▶ [Problem]:
Only some lines are wanted: please transcribe exactly those from the one containing "Terčeljevo kratko prozo" through the end of the data, pictures excluded.

===== Dataset section =====

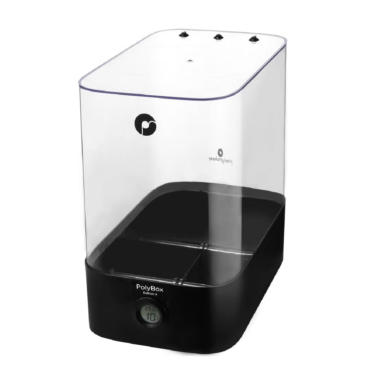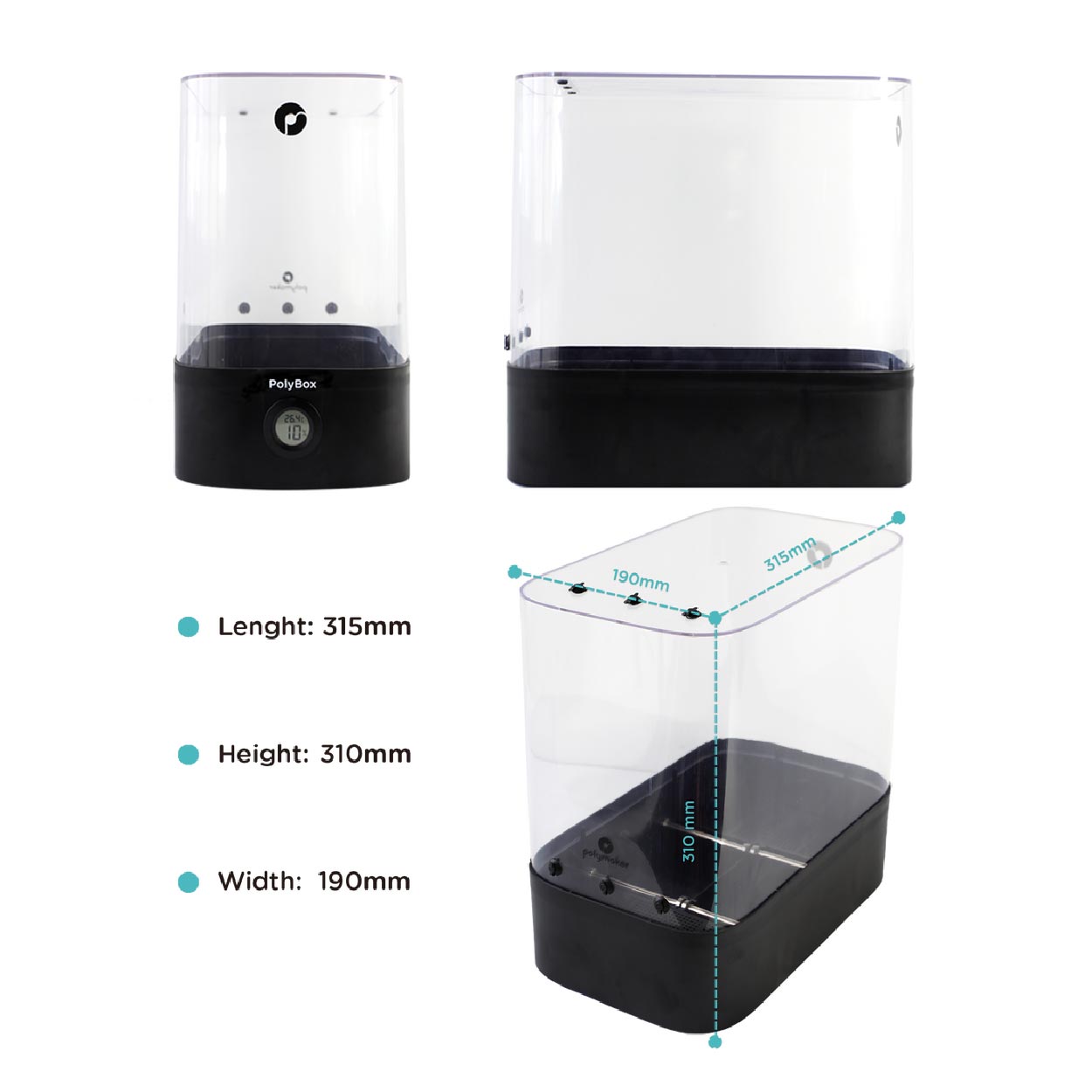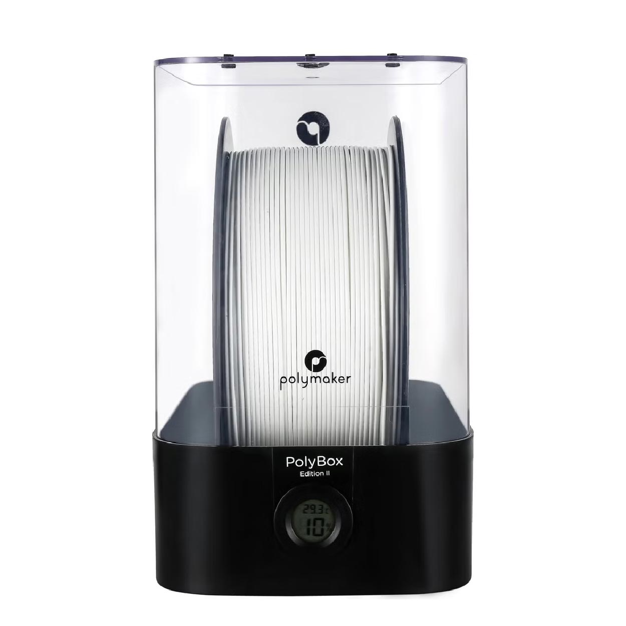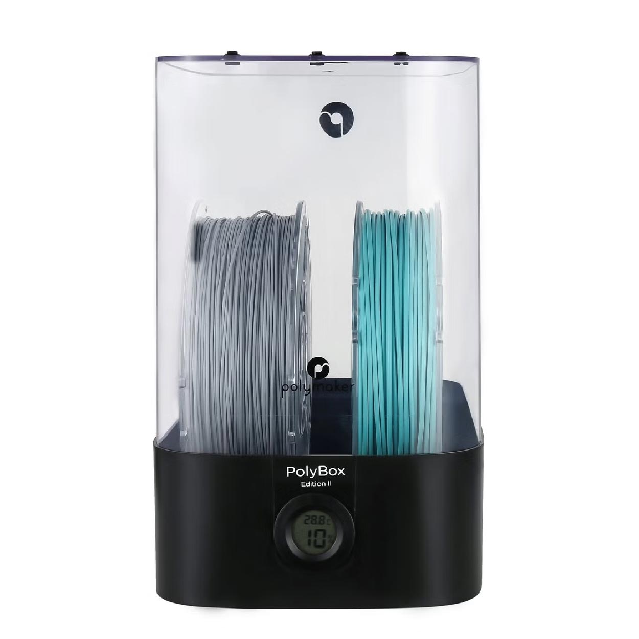 PolyMaker PolyBox Edition 2 is a filament storage box that allows you to store and print your materials in an optimal environment. PolyBox has a thermo-hygrometer to monitor the filaments in the box. The humidity is regulated by large desiccant bags. This product is designed for hygroscopic materials such as PolySmooth (PVB), PVA or nylon.
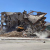 Ekipler çevrede güvenlik önlemi alırken, iş makineleriyle bir yandan binalar yıkılıp diğer yandan da toz taşınımının engellenmesi için sulama çalışmaları yapılıyor.
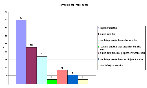 Terčeljevo kratko prozo sem glede na dolžino besedil, eno- oz. večpramenskost zgodbene zasnove in pomembnost razpoloženja, ozračja v besedilu razdelila na zelo kratko prozo, črtice in kratko pripoved. Med zelo kratko prozo sem uvrstila besedila, krajša od 1000 besed, med črtice pa tista, ki imajo od 1000 do 8000 besed (dolžina Terčeljevih črtic se giblje od 1000 do 3500 besed), in kjer je od samega dogodka ali pripetljaja pomembnejše čustveno razpoloženje, ki ga črtica posreduje bralcu. Ob zornih mašah ... sem označila kot kratko pripoved in ne kot črtico, ker je zgodbena zasnova večpramenska. Besedila sem razdelila tudi glede na tematiko. Ugotovila sem, da največji delež zavzemata socialna in verska tematika.
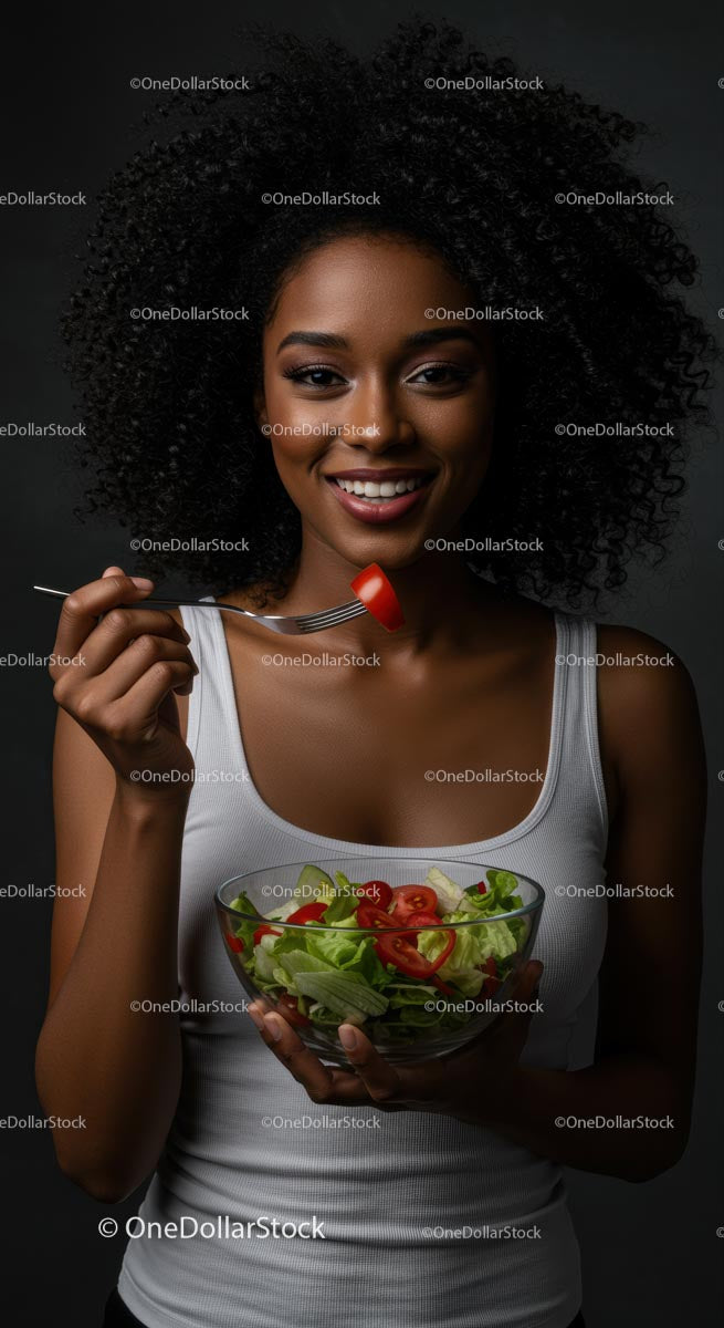 Uśmiechnięta kobieta delektująca się świeżą sałatką warzywną

=====

▶ [Your response]:
 Terčeljevo kratko prozo sem glede na dolžino besedil, eno- oz. večpramenskost zgodbene zasnove in pomembnost razpoloženja, ozračja v besedilu razdelila na zelo kratko prozo, črtice in kratko pripoved. Med zelo kratko prozo sem uvrstila besedila, krajša od 1000 besed, med črtice pa tista, ki imajo od 1000 do 8000 besed (dolžina Terčeljevih črtic se giblje od 1000 do 3500 besed), in kjer je od samega dogodka ali pripetljaja pomembnejše čustveno razpoloženje, ki ga črtica posreduje bralcu. Ob zornih mašah ... sem označila kot kratko pripoved in ne kot črtico, ker je zgodbena zasnova večpramenska. Besedila sem razdelila tudi glede na tematiko. Ugotovila sem, da največji delež zavzemata socialna in verska tematika.
 Uśmiechnięta kobieta delektująca się świeżą sałatką warzywną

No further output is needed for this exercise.